Your objective: Omit every picture and return the rest of the data unaltered.

Records for processing:
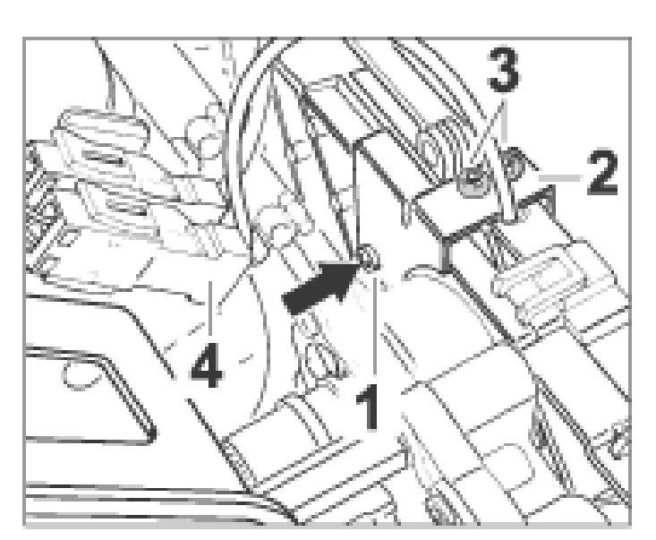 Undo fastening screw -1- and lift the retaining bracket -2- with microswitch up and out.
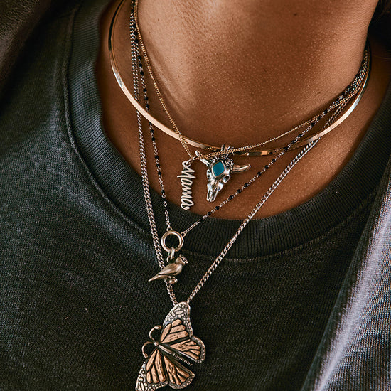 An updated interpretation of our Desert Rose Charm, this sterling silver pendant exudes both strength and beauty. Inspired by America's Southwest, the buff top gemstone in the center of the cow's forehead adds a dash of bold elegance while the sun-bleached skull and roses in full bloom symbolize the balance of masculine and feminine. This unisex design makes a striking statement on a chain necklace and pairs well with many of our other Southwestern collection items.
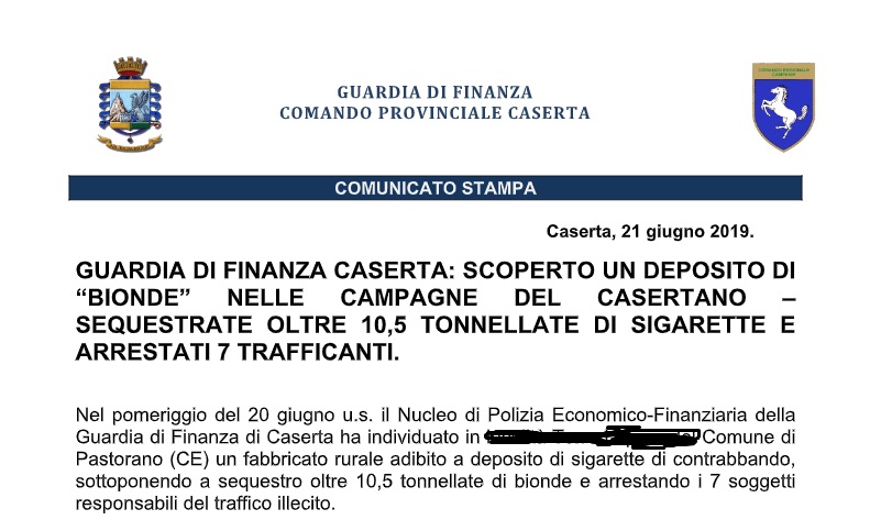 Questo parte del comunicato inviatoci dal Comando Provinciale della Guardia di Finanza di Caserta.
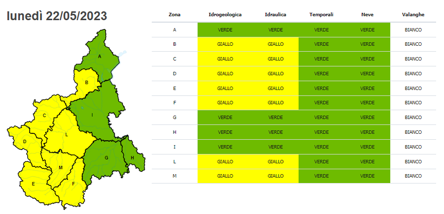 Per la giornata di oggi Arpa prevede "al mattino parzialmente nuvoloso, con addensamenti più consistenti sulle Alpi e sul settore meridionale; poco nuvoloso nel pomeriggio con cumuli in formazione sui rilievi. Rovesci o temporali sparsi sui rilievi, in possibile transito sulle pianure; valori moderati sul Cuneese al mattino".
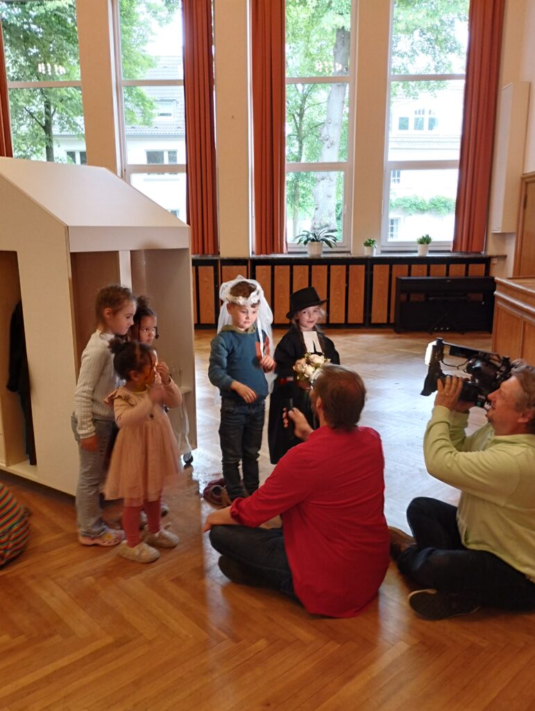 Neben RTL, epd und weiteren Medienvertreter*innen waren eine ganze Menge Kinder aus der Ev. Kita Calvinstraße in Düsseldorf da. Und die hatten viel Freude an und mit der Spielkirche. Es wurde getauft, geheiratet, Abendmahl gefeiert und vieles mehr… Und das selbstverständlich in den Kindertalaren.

Answer for this exercise:
 Undo fastening screw -1- and lift the retaining bracket -2- with microswitch up and out.
 An updated interpretation of our Desert Rose Charm, this sterling silver pendant exudes both strength and beauty. Inspired by America's Southwest, the buff top gemstone in the center of the cow's forehead adds a dash of bold elegance while the sun-bleached skull and roses in full bloom symbolize the balance of masculine and feminine. This unisex design makes a striking statement on a chain necklace and pairs well with many of our other Southwestern collection items.
 Questo parte del comunicato inviatoci dal Comando Provinciale della Guardia di Finanza di Caserta.
 Per la giornata di oggi Arpa prevede "al mattino parzialmente nuvoloso, con addensamenti più consistenti sulle Alpi e sul settore meridionale; poco nuvoloso nel pomeriggio con cumuli in formazione sui rilievi. Rovesci o temporali sparsi sui rilievi, in possibile transito sulle pianure; valori moderati sul Cuneese al mattino".
 Neben RTL, epd und weiteren Medienvertreter*innen waren eine ganze Menge Kinder aus der Ev. Kita Calvinstraße in Düsseldorf da. Und die hatten viel Freude an und mit der Spielkirche. Es wurde getauft, geheiratet, Abendmahl gefeiert und vieles mehr… Und das selbstverständlich in den Kindertalaren.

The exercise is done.